As one contemplates the utter ruin and desolation which are here so overpowering and listens to the strange stories of the Arabs, one recalls the words of Isaiah—I quote from the King James version:
And Babylon, the glory of the kingdoms, the beauty of the Chaldees’ excellency, shall be as when God overthrew Sodom and Gomorrah.
It shall never be inhabited, neither shall it be dwelt in from generation to generation; neither shall the Arabian pitch tent there; neither shall the shepherds make their fold there.
But wild beasts of the desert shall lie there; and their houses shall be full of doleful creatures; and owls shall dwell there, and satyrs[492] shall dance there.
Babil is one of the loftiest eminences in southern Babylonia and it is for this reason that we visited it before any of the other parts of the ruined Chaldean capital. From its summit, which towers seventy-one feet above the surrounding plain, one has a magnificent view not only of the ruins as a whole but also of many notable features in their immediate vicinity. To the west and southwest are the palm-fringed Euphrates and a number of Arabian villages and gardens along its banks.

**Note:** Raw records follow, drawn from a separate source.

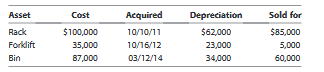 Asset Cost Acquired Depreciation Sold for Rack $100,000 10/10/11 $62,000 $85,000 Forklift 35,000 10/16/12 23,000 5,000 Bin 87,000 03/12/14 34,000 60,000
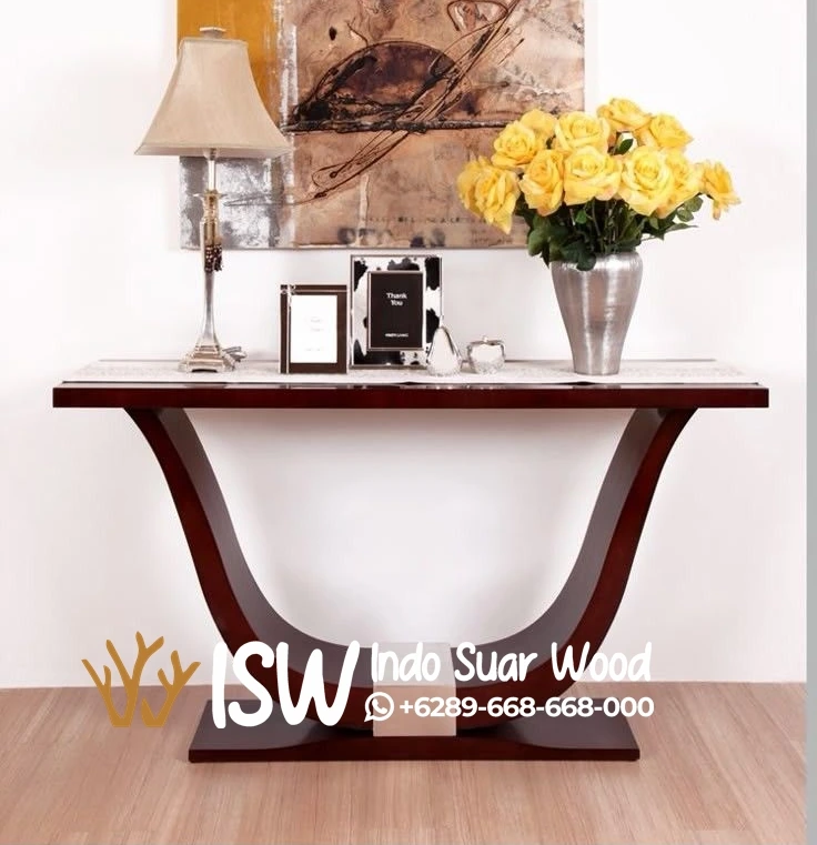 Meja konsol bisa diletakkan di ruang tamu atau di belakang sofa, berfungsi sebagai penopang lampu atau penambah elemen dekoratif di tengah ruang tamu. Meja Konsol Kayu Jati Aceh ini Terbuat dari kayu jati asli berkualitas tinggi, meja ini tidak hanya berfungsi sebagai pelengkap interior, tetapi juga menjadi elemen dekoratif yang mempercantik ruangan. Dikenal karena ketahanannya terhadap rayap, kelembapan, dan perubahan cuaca, kayu jati menjadikan meja konsol ini investasi jangka panjang yang tetap indah meskipun digunakan selama bertahun-tahun bentuk kaki melengkung menyerupai huruf U sehingga lebih kokoh dan tahan lama.
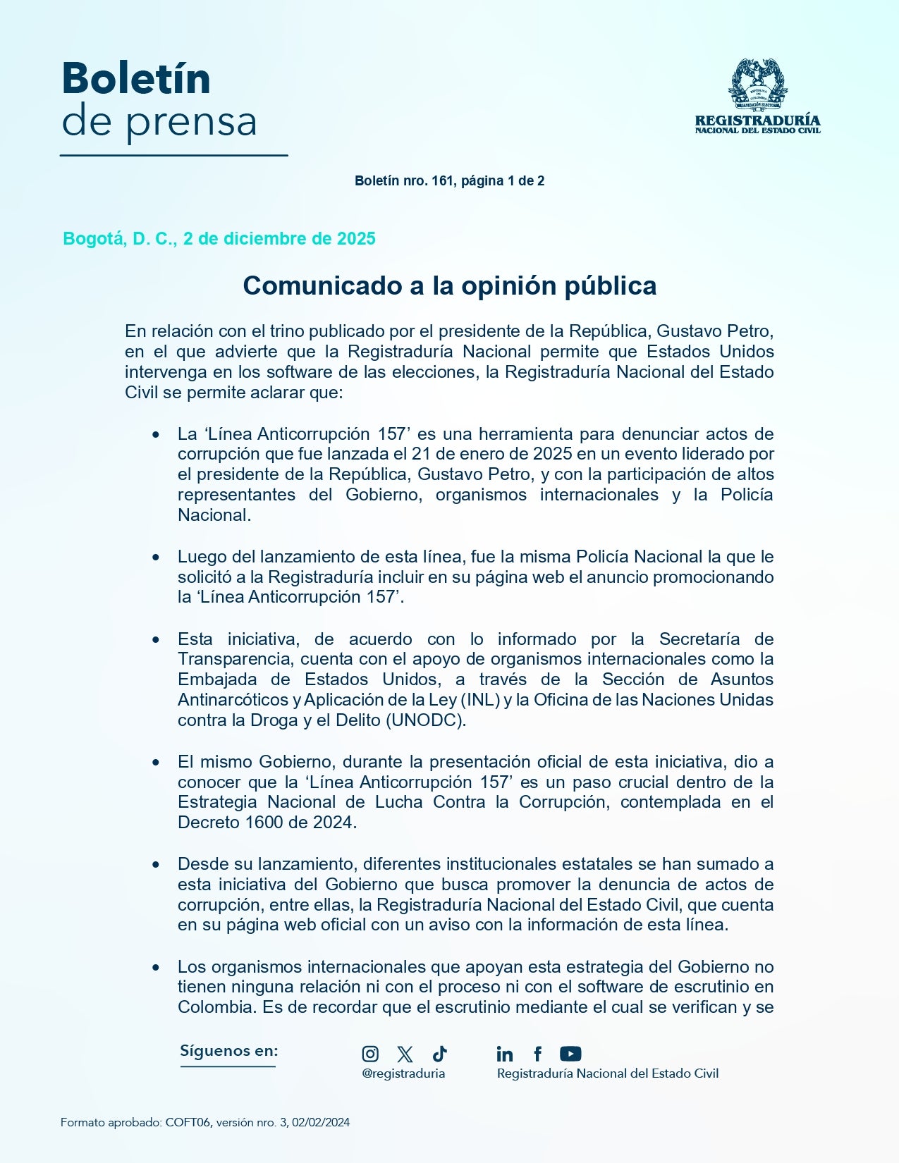 "Luego del lanzamiento de esta línea, fue la misma Policía Nacional la que le solicitó a la Registraduría incluir en su página web el anuncio promocionando la ‘Línea Anticorrupción 157’", agregó.
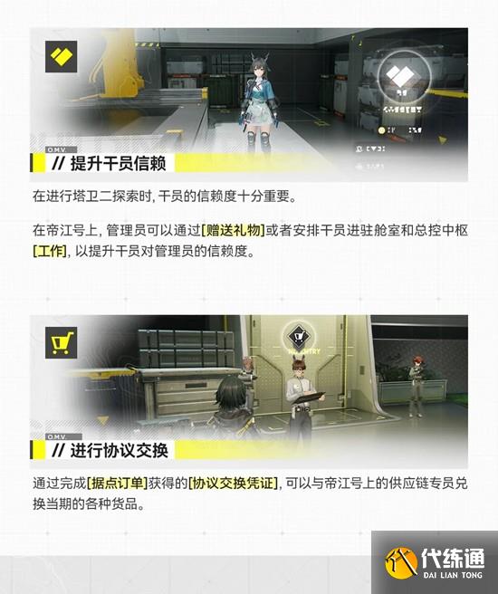 通过完成[据点订单]获得的[协议交换凭证]可以与帝江号上的供应链专员兑换当期的各种货品。
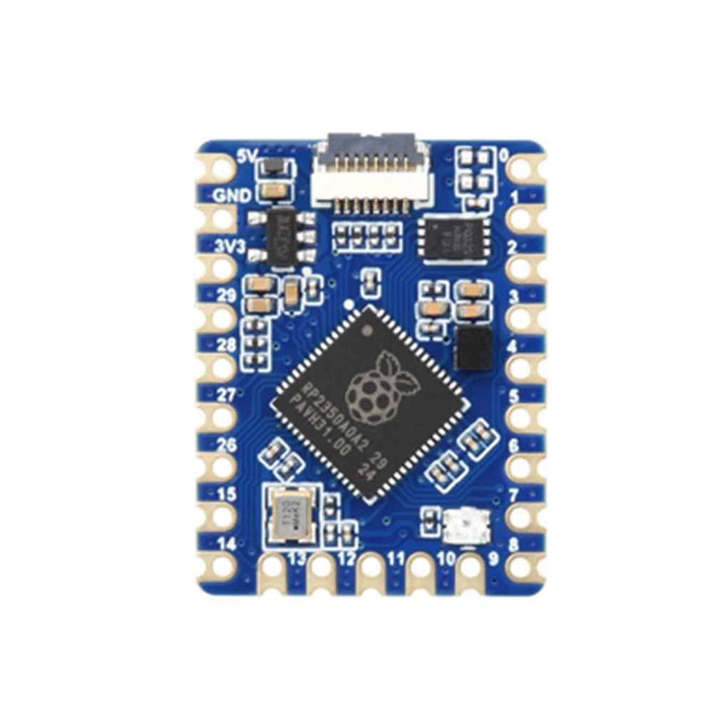 Onboard FPC 6PIN connector, adapting USB Type-C port via adapter board. Core2350B core board, a compact size with onboard RP2350B main controller, adapting 48 multi-function GPIO pins for easy development and integration. Puce microcontrôleur RP2350B conçue pour une architecture double cœur et double architecture. Elle est équipée d'un processeur ARM-M33 double cœur et d'un processeur RISC-V Hazard3 double cœur, avec une fréquence d'horloge jusqu'à 150 MHz Adafruit Unveils a Work-in-Progress Raspberry Pi RP2350B Single-Board... 2 × I2C, 2 × UART, 8 × 12-bit ADC, 24 × controllable PWM channels. Adafruit Unveils a Work-in-Progress Raspberry Pi RP2350B Single-Board 12 × Programmable I/O (PIO) state machines for custom peripheral support , USB 1., 1 with device and host support. Drag-and-drop programming using mass storage over USB. Kit Développement 48 Gpio RP2350B-Plus-W Development Board, Raspberry Pi RP2350B Dual-core & Dual-architecture Microcontroller, Supports Wi-Fi And Bluetooth, 520KB SRAM And 16MB Flash Memory Microcontrôleur Double Cœur Supports C/C++, MicroPython, Arduino IDE It features a compact size with onboard RP2350B main controller, adapting 48 multi-function GPIO pins for easy development and integration. Core2350B1-Kit, include Core2350B1 core board + USB port adapter + FFC cable Board specifications --RP2350B microcontroller chip designed by Raspberry Pi in the United Kingdom --Adopts unique dual-core and dual-architecture design: dual ARM Cortex-M33 or dual Hazard3 RISC-V processors support, flexible clock running up to 150 MHz --2MB PSRAM, with onboard 520KB S-R-A-M and 16MB Flash memory --Onboard FPC 6PIN connector, adapting USB Type-C port via adapter board --64 pins arranged in a standard 2., 54 mm pitch for easy integration into carrier boards --USB 1., 1 with device and host support --Low-power sleep and dormant modes --Drag-and-drop programming using mass storage over USB --48 × multi-function GPIO pins --2 × I2C, 2 × UART, 8 × 12-bit ADC, 24 × controllable PWM channels --Accurate clock and timer on-chip --Temperature sensor --12 × Programmable I/O (PIO) state machines for custom peripheral support Package Content Core2350B1 core board × 1 RP-Tiny-Adapter-B × 1 FFC 6PIN cable × 1 Development Resources https://www., waveshare., com/wiki/Core2350B0
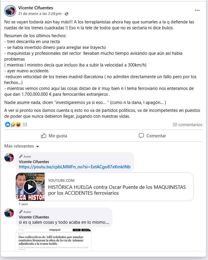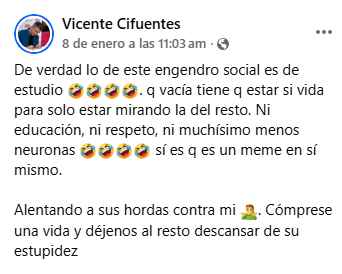 Lo relacionado con Vicente Cifuentes es un capítulo más breve porque no se esconde. Bastante crimen es seguir usando Facebook en 2026, pero al menos deja clarito lo que opina. No le pillas por dos likes tontos, le pillas porque está muy a gusto expresando lo suyo.
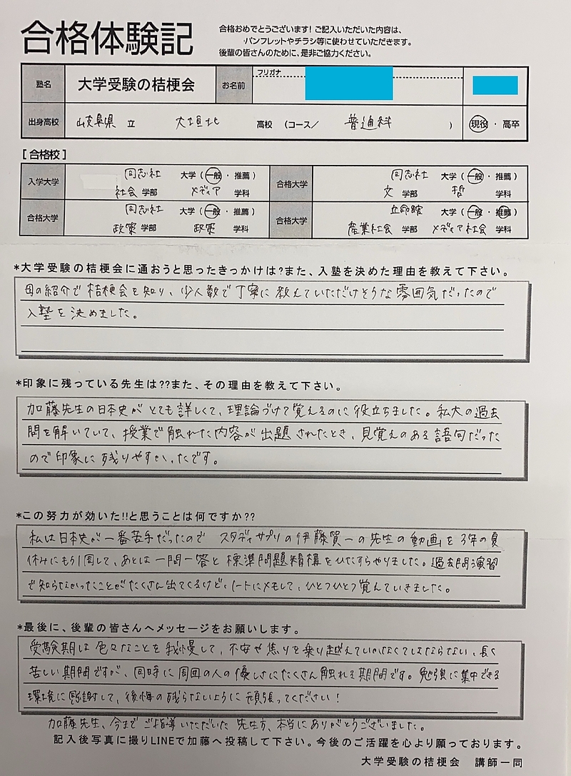 【合格体験記】TRさん 大垣北高校 高3【合格大学】・同志社大学 文学部 哲学科 合格・同志社大学 政策学部 政策学科 合格・同志社大学 社会学部 メディア学科 合格・立命館大学 文学部 言語コミュニケーション学科 合格・立命館大学 産業社会学部 メディア社会専攻 合格▼大学受験の桔梗会に通おうと思ったきっかけは?また、入塾を決めた理由を教えてください。母の紹介で桔梗会を知り、少人数で丁寧に教えていただけそうな雰囲気だったので入塾を決めました。▼印象に残っている先生は??また、その理由を教えてください。加藤先生の日本史がとても詳しくて、理論づけて覚えるのに役立ちました。私大の過去問を解いていて、授業で聞いた内容が出題されたとき、見覚えのある語句だったので印象に残りやすかったです。*この努力が効いた!と思うことは何ですか??私は日本史が一番苦手だったので、スタディサプリの伊藤賀一の先生の動画を3年の夏休みにもう1周して、あとは一問一答と標準問題精講をひたすらやりました。過去問演習で知らなきゃいけないことがたくさん出てくるけど、ノートにメモして、ひとつひとつ覚えていきました。*最後に、後輩の皆さんへメッセージをお願いします。受験期は色々なこと我慢して、不安や焦りを乗り越えていかなくてはならない、長く苦しい期間ですが、同時に周囲の人々の優しさにもたくさん触れる期間です。勉強に集中できる環境に感謝して、後悔の残らないように頑張ってください。加藤先生、今までご指導頂いた先生方、本当にありがとうございました!
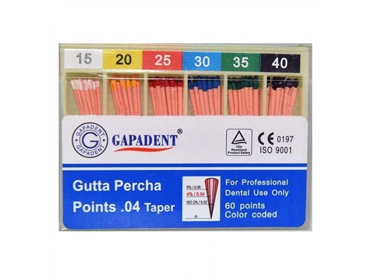 Гуттаперчевые штифты для пломбирования корневых каналов зубов в эндодонтии. Производитель: Gapadent, Южная Корея.
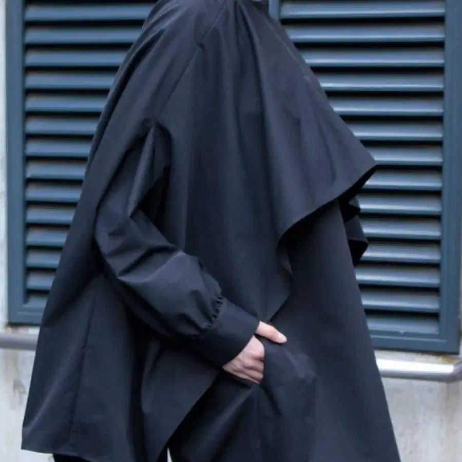 AVIE 드레이프 케이프 블라우스 긴팔 블라우스 블랙
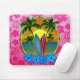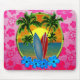 Beau coucher du soleil de plage derrière des planches de surf et des palmiers, encadrés avec des fleurs de bambou et de ketmie. Avec un arrière - plan rose des tortues de mer de Honu et des fleurs hawaïennes de ketmie.
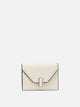 Valextra Millepunte calfskin leather "Isis Trifold" wallet with compact structure and defined silhouette. Shiny light gold-colored rectangular metal clasp is the continuity detail of the Isis line. Interior organization includes three 'V' cut card compartments, banknote compartment and integrated zippered coin purse. Interior details finished in Ink, black lacquered edging hand-painted according to the Costa technique.
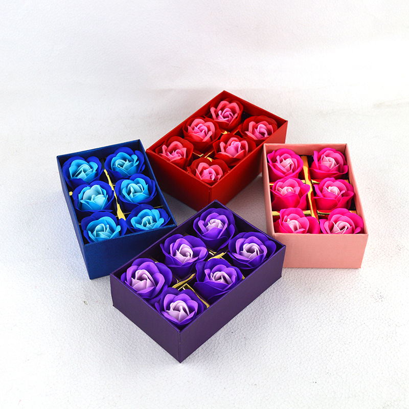 6輪のバラのギフトボックス、リボン付き、石鹸の花のギフト、母の日、工場直送、卸売、レトロ風ギフトボックス
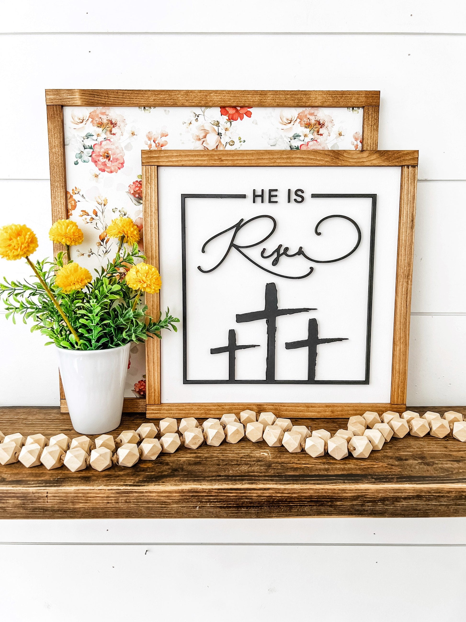 Handmade wooden Easter inspired sign, with laser cut letting giving each sign an added unique dimension.
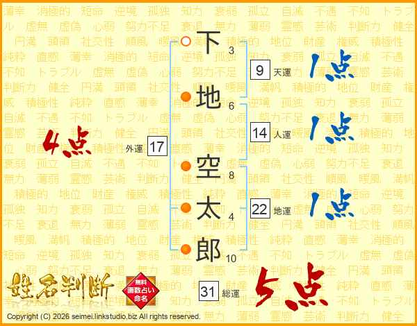 下(3画)地(6画) 空(8画)太(4画)郎(10画)

Several miles southward is Hillah with its gleaming minaret, while some six miles towards the southwest of it is the famous tower of Borsippa, called by the natives Birs Nimrud, and long supposed by many European travelers to be identical with the tower of Babel “the top whereof was to reach to heaven.”[493]
The prospect that greets the vision of the spectator from Babil is always interesting, but to the student of sacred and profane history the word interesting but feebly expresses one’s emotions. This is particularly true when, at the hour of sunset, the long amethystine shadows cast on the dun-colored plain, bring out into bold relief the rich golden lines of the spell-weaving ruins of that great city which, in her glory, ruled over the kings of the eastern world. Then the prospect is absolutely thrilling. Then one loves to be in media solitudine—such a solitude as Babylon is to-day—to watch the magnificent sunset—a burnished-gold splendor shading up starward into delicate rubies and emeralds—to be alone with one’s thoughts while musing on the vanished glories of what was once earth’s proudest and most powerful capital, where for centuries
The gorgeous East with richest hand
Show’red on her Kings barbaric pearl and gold—
but of which all we can now say is contained in the words of a Greek comic poet, quoted by Strabo,—“the great city is a great desert.”[494]
Babil—from the old Semitic name Bab-ili—which signifies “The Gate of the Gods,” was the ancient name of the city of Babylon. As locally used it now designates the most northerly mound of the great city. It is, doubtless, because of its name that many travelers have mistaken it for the Tower of Babel spoken of in the eleventh chapter of Genesis.